Start of Block

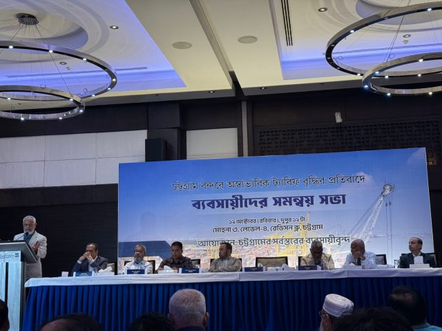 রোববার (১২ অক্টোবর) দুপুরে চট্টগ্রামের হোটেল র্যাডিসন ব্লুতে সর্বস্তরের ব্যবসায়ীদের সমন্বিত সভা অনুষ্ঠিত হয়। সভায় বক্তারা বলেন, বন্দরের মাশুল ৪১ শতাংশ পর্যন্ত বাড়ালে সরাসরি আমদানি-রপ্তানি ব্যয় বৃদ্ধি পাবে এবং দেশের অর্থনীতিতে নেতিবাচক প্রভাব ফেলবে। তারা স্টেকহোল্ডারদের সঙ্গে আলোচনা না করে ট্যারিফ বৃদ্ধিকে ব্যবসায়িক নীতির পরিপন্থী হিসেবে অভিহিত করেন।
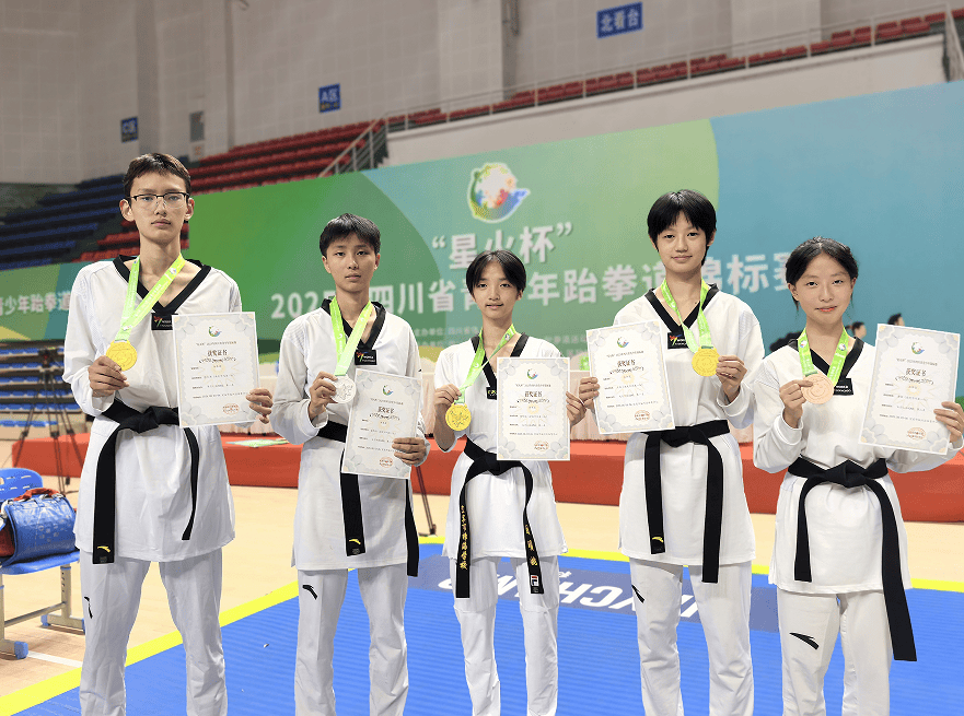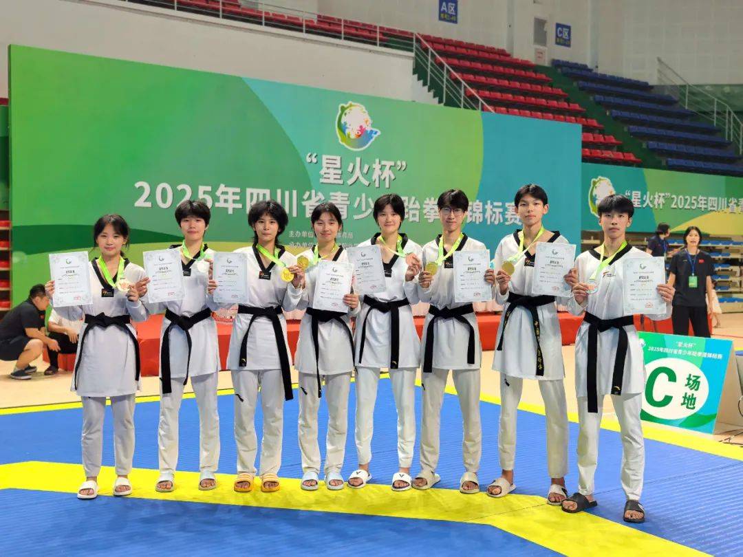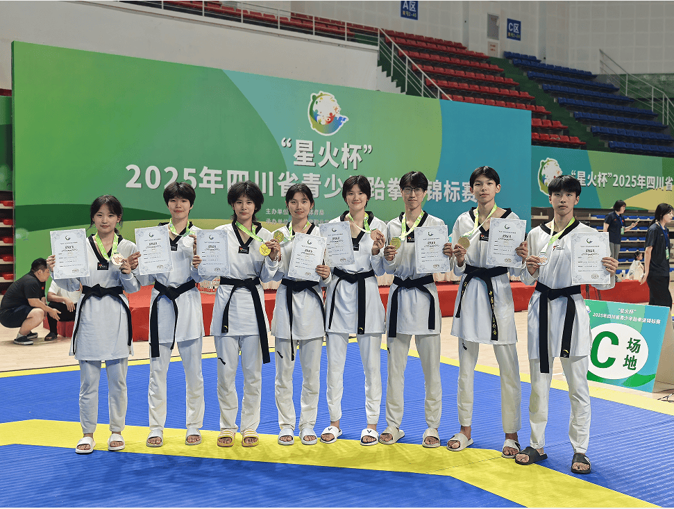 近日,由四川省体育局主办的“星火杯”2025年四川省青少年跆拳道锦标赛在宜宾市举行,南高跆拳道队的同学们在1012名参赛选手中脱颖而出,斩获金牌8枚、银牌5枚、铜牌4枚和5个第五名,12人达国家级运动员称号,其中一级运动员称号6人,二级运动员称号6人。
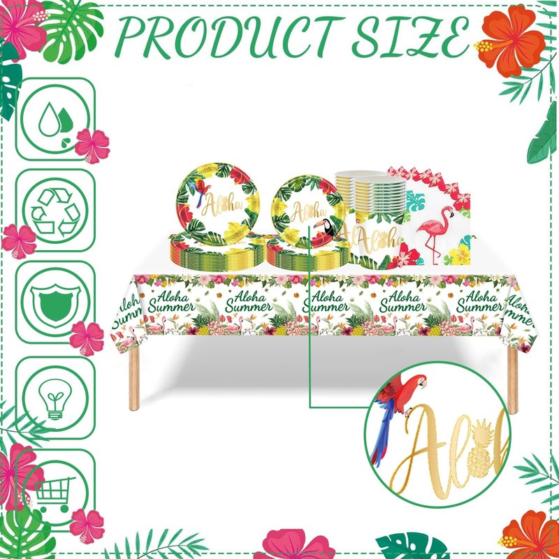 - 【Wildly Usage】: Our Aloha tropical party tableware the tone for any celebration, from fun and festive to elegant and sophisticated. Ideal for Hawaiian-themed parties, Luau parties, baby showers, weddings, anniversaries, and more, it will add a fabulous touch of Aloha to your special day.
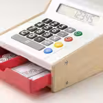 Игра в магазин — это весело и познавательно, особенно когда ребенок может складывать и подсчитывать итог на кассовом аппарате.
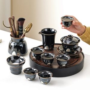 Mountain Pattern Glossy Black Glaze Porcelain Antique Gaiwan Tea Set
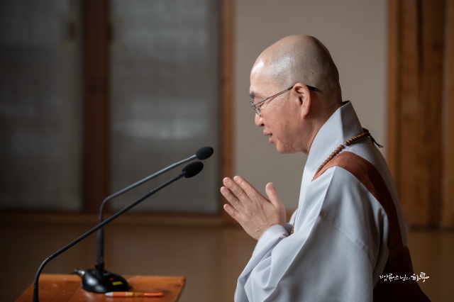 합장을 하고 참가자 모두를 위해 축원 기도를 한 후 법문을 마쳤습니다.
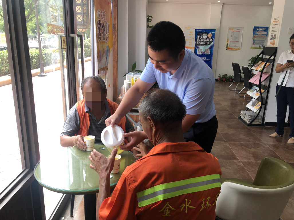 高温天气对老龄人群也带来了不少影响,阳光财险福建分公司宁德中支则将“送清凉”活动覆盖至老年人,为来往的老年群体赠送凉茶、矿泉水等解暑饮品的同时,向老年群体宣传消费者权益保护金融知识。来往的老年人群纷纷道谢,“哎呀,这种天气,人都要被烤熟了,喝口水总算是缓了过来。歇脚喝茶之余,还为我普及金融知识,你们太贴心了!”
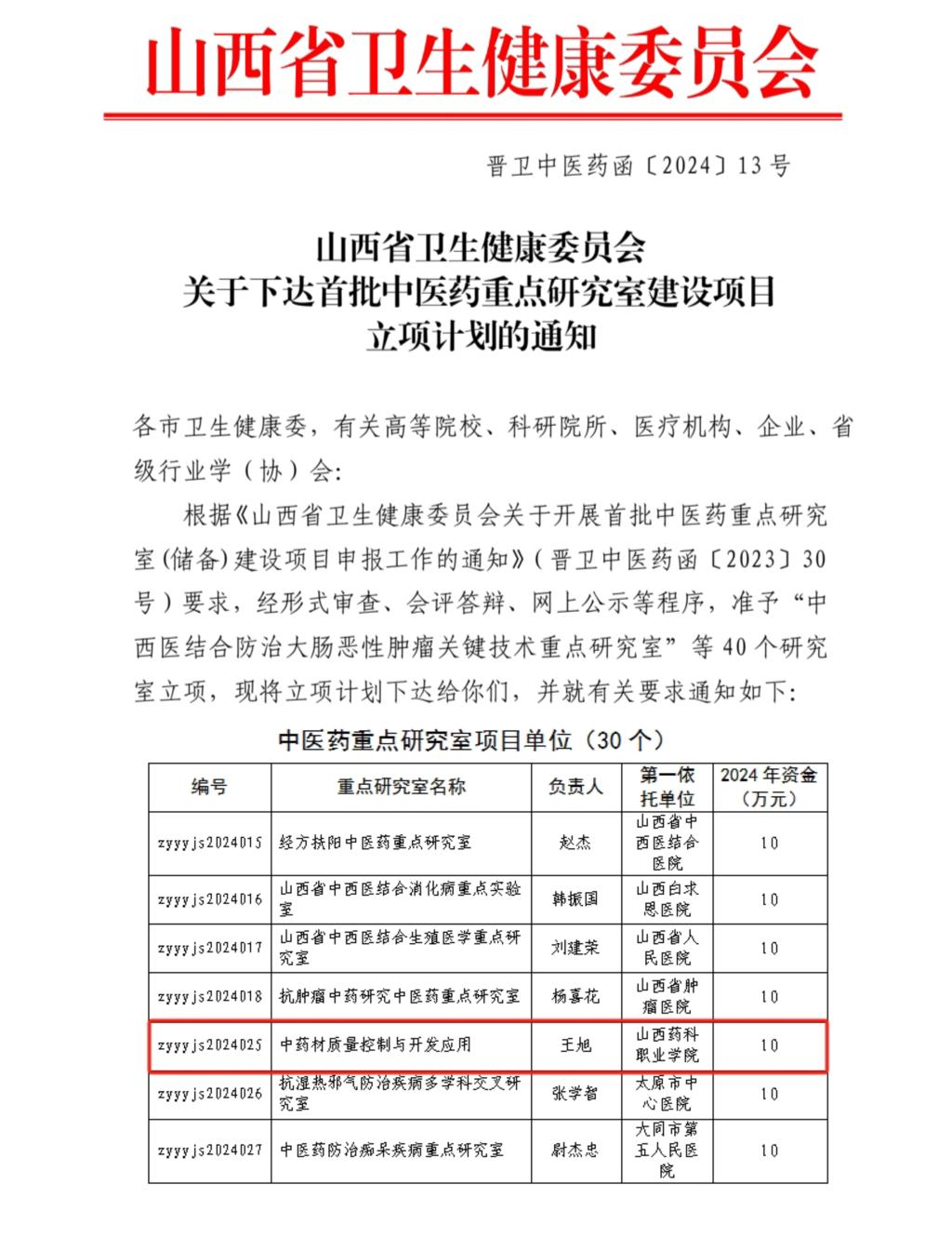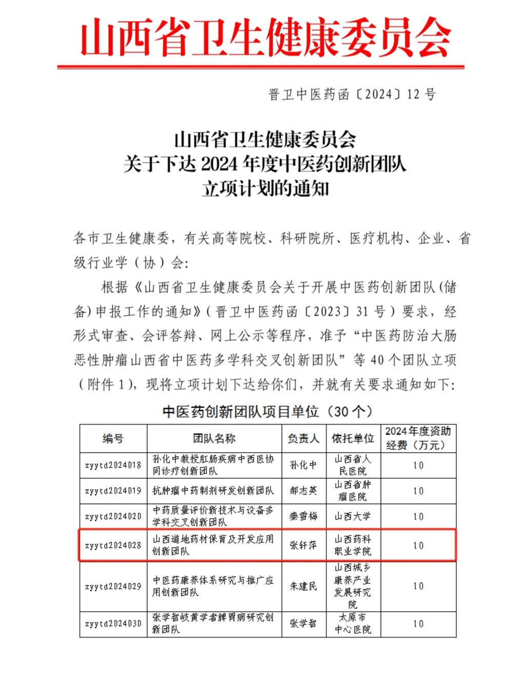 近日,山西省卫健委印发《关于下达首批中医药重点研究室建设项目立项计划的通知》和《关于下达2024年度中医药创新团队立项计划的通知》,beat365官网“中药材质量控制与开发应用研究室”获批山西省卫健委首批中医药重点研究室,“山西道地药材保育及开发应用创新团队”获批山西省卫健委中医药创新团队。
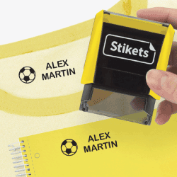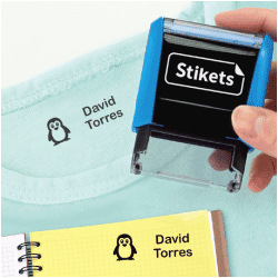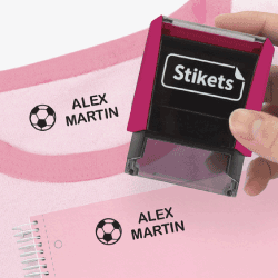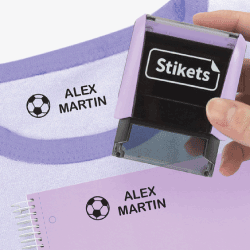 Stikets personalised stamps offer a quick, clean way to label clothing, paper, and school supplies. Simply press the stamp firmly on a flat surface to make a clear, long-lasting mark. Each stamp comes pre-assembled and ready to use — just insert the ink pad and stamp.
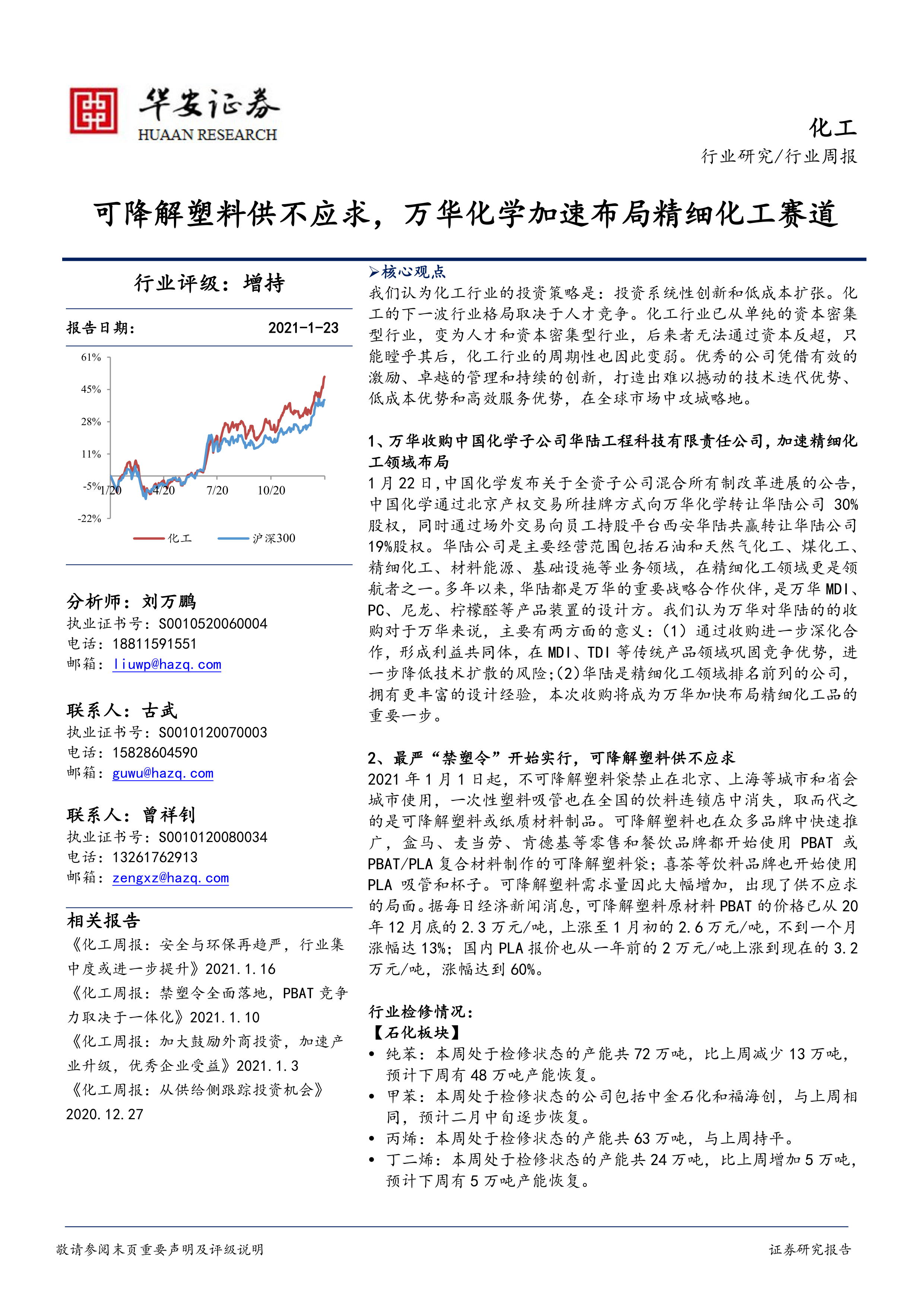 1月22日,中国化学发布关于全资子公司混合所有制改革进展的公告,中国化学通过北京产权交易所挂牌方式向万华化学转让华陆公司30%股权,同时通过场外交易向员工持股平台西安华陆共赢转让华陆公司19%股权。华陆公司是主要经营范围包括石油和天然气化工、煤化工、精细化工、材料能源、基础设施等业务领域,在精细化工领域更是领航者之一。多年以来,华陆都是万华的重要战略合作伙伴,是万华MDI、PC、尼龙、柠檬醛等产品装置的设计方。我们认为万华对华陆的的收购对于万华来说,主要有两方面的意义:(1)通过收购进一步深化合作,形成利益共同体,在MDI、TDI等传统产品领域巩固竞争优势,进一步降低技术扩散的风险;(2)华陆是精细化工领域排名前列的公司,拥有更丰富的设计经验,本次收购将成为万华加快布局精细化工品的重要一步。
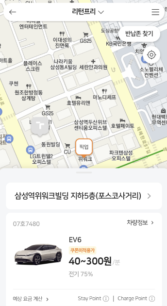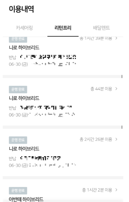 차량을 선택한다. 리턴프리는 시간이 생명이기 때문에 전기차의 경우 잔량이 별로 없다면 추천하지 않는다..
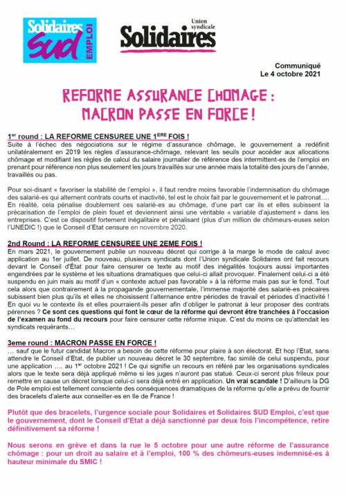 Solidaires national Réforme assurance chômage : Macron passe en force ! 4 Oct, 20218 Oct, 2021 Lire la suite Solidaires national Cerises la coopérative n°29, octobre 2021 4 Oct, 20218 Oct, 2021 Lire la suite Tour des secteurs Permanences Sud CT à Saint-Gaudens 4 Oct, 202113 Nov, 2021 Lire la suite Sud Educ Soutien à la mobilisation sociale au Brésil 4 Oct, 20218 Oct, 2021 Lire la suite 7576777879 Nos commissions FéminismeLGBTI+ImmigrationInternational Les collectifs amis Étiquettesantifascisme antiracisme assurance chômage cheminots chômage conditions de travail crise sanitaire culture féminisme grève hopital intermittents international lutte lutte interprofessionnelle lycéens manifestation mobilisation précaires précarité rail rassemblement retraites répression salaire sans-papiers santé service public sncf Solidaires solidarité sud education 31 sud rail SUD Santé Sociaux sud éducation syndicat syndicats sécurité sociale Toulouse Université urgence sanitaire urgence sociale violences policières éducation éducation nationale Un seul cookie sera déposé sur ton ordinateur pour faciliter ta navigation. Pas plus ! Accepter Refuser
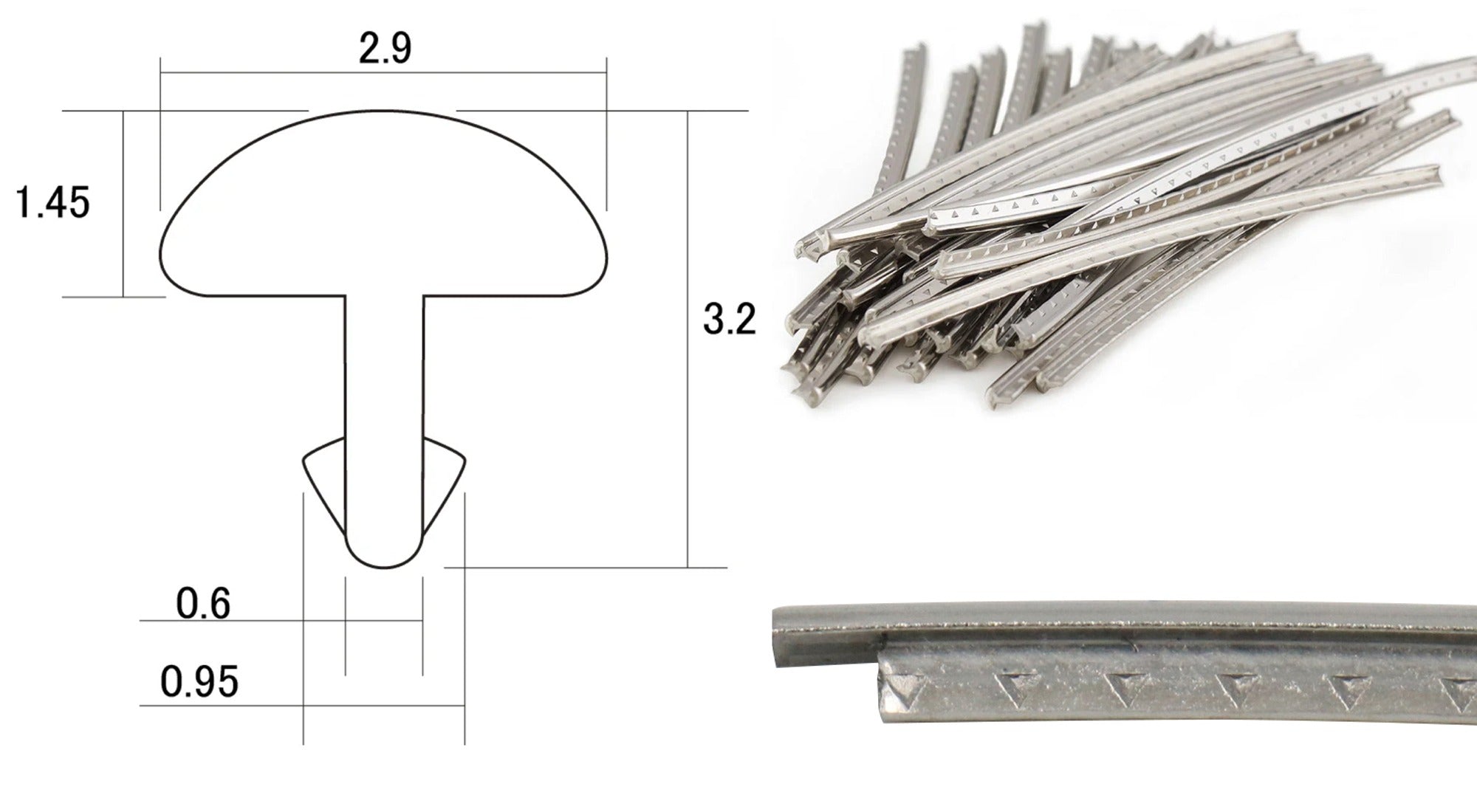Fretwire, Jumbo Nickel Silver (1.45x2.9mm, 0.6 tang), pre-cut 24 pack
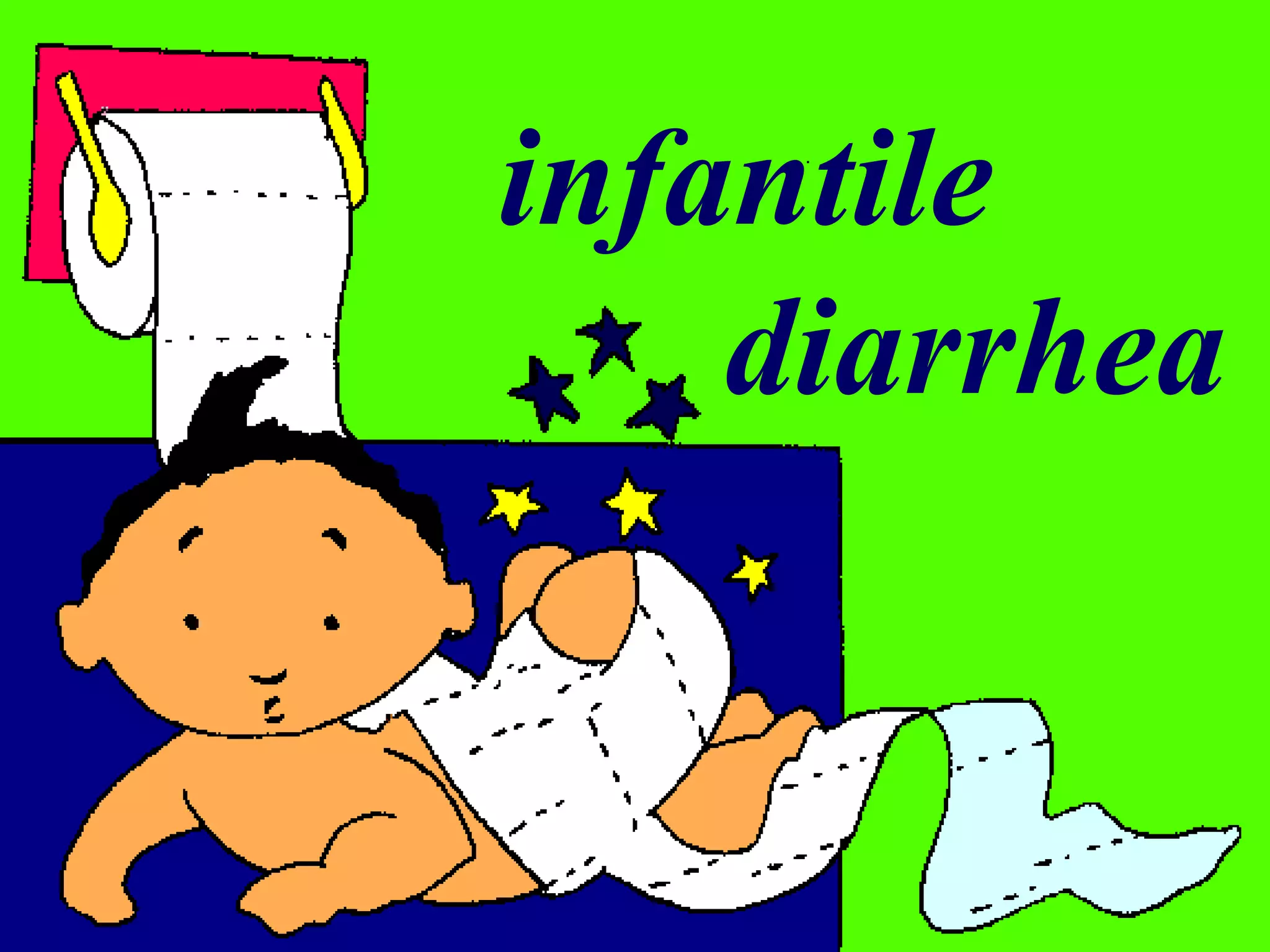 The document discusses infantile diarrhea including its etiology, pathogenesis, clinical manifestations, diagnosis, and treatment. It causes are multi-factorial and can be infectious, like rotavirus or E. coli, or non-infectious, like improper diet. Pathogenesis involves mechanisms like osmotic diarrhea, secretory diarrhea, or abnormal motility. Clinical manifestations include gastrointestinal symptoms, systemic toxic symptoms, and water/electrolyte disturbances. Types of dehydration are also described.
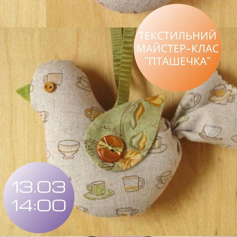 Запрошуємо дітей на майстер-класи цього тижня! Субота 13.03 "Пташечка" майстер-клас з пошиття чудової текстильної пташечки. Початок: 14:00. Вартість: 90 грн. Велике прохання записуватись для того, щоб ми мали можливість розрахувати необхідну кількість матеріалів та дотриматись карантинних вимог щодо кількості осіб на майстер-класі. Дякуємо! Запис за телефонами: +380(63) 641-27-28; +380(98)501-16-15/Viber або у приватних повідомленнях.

End of Block

In the entries above, find the line containing "Mountain Pattern Glossy" and the line containing "Stikets personalised stamps", then copy both and every line between them exactly, without any picture.

 Mountain Pattern Glossy Black Glaze Porcelain Antique Gaiwan Tea Set
 합장을 하고 참가자 모두를 위해 축원 기도를 한 후 법문을 마쳤습니다.
 高温天气对老龄人群也带来了不少影响,阳光财险福建分公司宁德中支则将“送清凉”活动覆盖至老年人,为来往的老年群体赠送凉茶、矿泉水等解暑饮品的同时,向老年群体宣传消费者权益保护金融知识。来往的老年人群纷纷道谢,“哎呀,这种天气,人都要被烤熟了,喝口水总算是缓了过来。歇脚喝茶之余,还为我普及金融知识,你们太贴心了!”
 近日,山西省卫健委印发《关于下达首批中医药重点研究室建设项目立项计划的通知》和《关于下达2024年度中医药创新团队立项计划的通知》,beat365官网“中药材质量控制与开发应用研究室”获批山西省卫健委首批中医药重点研究室,“山西道地药材保育及开发应用创新团队”获批山西省卫健委中医药创新团队。
 Stikets personalised stamps offer a quick, clean way to label clothing, paper, and school supplies. Simply press the stamp firmly on a flat surface to make a clear, long-lasting mark. Each stamp comes pre-assembled and ready to use — just insert the ink pad and stamp.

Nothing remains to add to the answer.